■ **What to produce**
Copy the lines below word for word, skipping any image.

■ **Data block**
※ ※ ※
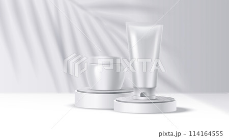 Mockup tube and jar on podium with shadows illustration
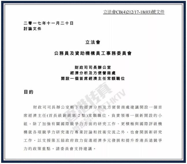 11月20日,香港特区立法会公务员及资助机构员工事务委员会开会,讨论关于设一个首席经济主任职位的事项,这个主任的职责是“负责与国际评级机构展开更深入和广泛的专业交流,以提升对国际竞争力的了解及研究层次。”
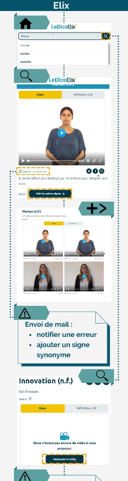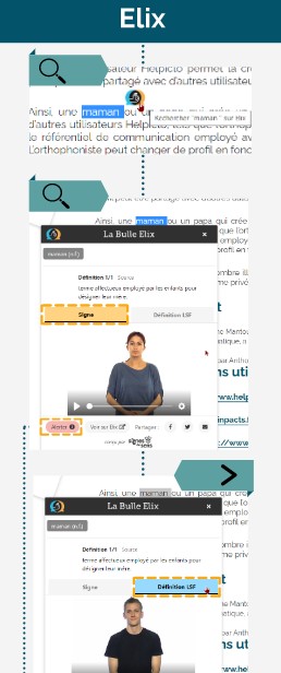 Depuis 2010, Elix – dictionnaire bilingue (Français – Langue des Signes Française) – se définit comme un outil contributif et participatif, en constant enrichissement, de par l’implication omniprésente de l’utilisateur au sein du système de création. Par ailleurs, cet outil est devenu depuis quelques années, une référence avec 37 500 vidéos de définitions et de signes à son actif.
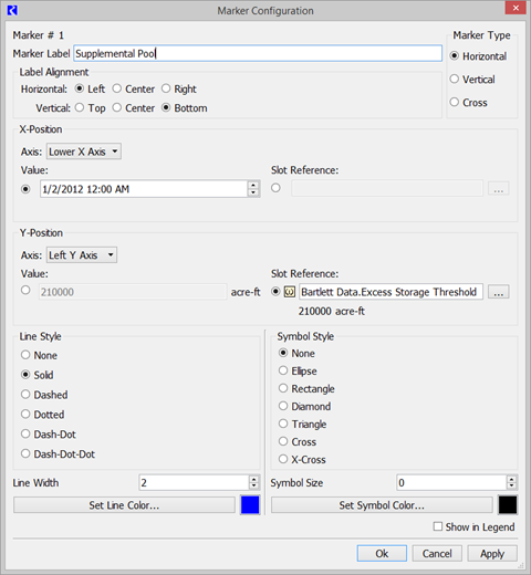 Note: Current support for marker editing is limited to the settings that are also available for curves. This includes all setting operations provided by the Marker Configuration dialog and the Plot Marker Manager. See
※ ※ ※
■ **Exercise answer**
 Mockup tube and jar on podium with shadows illustration
 11月20日,香港特区立法会公务员及资助机构员工事务委员会开会,讨论关于设一个首席经济主任职位的事项,这个主任的职责是“负责与国际评级机构展开更深入和广泛的专业交流,以提升对国际竞争力的了解及研究层次。”
 Depuis 2010, Elix – dictionnaire bilingue (Français – Langue des Signes Française) – se définit comme un outil contributif et participatif, en constant enrichissement, de par l’implication omniprésente de l’utilisateur au sein du système de création. Par ailleurs, cet outil est devenu depuis quelques années, une référence avec 37 500 vidéos de définitions et de signes à son actif.
 Note: Current support for marker editing is limited to the settings that are also available for curves. This includes all setting operations provided by the Marker Configuration dialog and the Plot Marker Manager. See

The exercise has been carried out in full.